Мэдди загрустила: она не согласилась с Биллом, но и принуждать его к отцовству не намеревалась.
– Отец твоих лет – это в порядке вещей, – уверенно возразила она. – Ты был бы прекрасным отцом ребенку любого возраста. – Это был какой-то безумный разговор, ведь у них даже речь о браке еще не заходила. – Кажется, мы ставим телегу впереди лошади!
Так оно и было, но тянуть с решением о ребенке было нельзя: его могли быстро усыновить совсем другие люди. Мэдди знала, что никого другого, кроме Энди, она усыновлять не станет. Он возник после события, перевернувшего всю ее жизнь, и она не могла и не хотела закрыть на это глаза. Внезапное появление Энди именно сейчас можно считать настоящим перстом судьбы.
– Как ты хочешь поступить? – спросил Билл. – Что бы ты сделала, если бы меня не было? – Он стремился максимально упростить для нее ситуацию.
– Усыновила бы его, – без колебаний ответила Мэдди.
– Тогда действуй. Это твоя жизнь, нельзя прожить ее для кого-то, Мэдди. Раньше ты так жила, довольно. Я могу умереть завтра или через неделю. Мы можем решить, что в восторге друг от друга, но остаться друзьями, не став любовниками, хотя я надеюсь на иное. Прислушайся к своему сердцу, Мэдди. Если оно скажет «да», то мы все решим. Кто знает, может, мне понравится играть с мальчишкой в бейсбол, находясь в старческом маразме…

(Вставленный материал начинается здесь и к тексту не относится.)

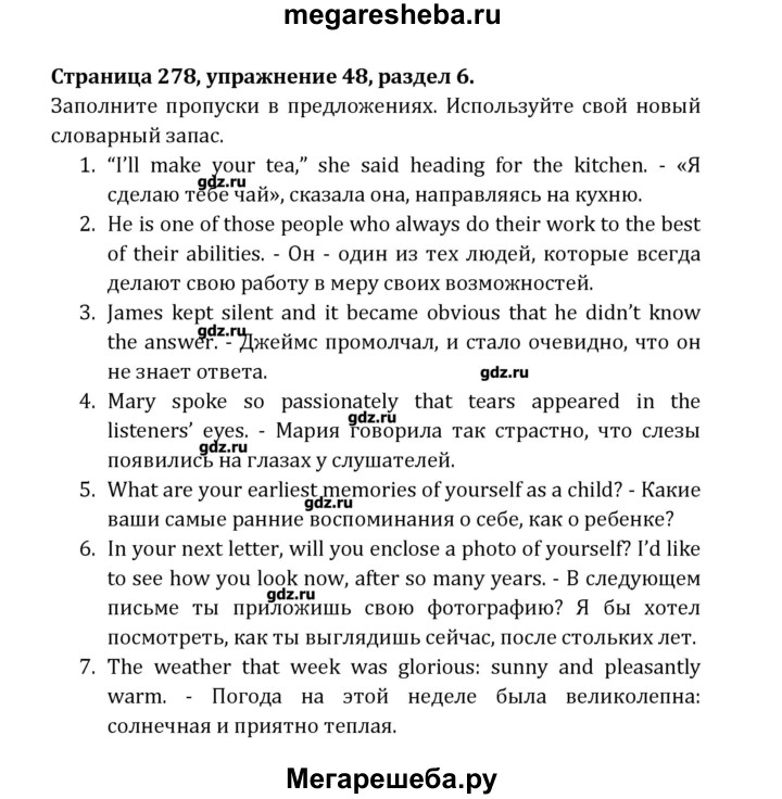 Подробный решебник (ГДЗ) по Английскому языку за 8 (восьмой) класс Student's Book - готовый ответ раздел 6 - 48. Авторы учебника: Афанасьева, Михеева, Углубленный уровень. Издательство: Просвещение 2014.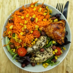 La salade feuillette :Salade, Maïs,Carottes râpées, Tomates rôties, Poulet, Noisettes, Feuilleté chèvre miel

Слушая Билла, Мэдди все сильнее в него влюблялась. Она была согласна с каждым его словом и не хотела отворачиваться от того, что могло быть предначертанием судьбы. У нее возникло чувство, что бог не зря предоставил ей еще один шанс, и не только с Биллом, но и с Лиззи, и с этим малышом.
– Ты не решишь, что я совсем съехала с катушек, если я усыновлю его? Я даже не знаю, есть ли у меня теперь работа. Джек грозился меня уволить.
– Это мелочи. Ты получишь новую работу за пять минут. Дело в другом: хочешь ли ты растить чужого ребенка, взвалив на себя такую серьезную ответственность. Вот о чем надо думать.
– Хочу, – сказала Мэдди серьезно. Билл знал ее достаточно, чтобы понимать: это решение – плод работы над собой.
– Теперь я отвечу на твой вопрос: нет, я не решу, что ты съехала с катушек. Ты отважная. Молодая. Энергичная. Невероятно достойная, любящая, бескорыстная. Какая угодно, только не съехавшая с катушек.
Вот и все, что ей нужно было знать. Это помогло Мэдди с окончательным решением.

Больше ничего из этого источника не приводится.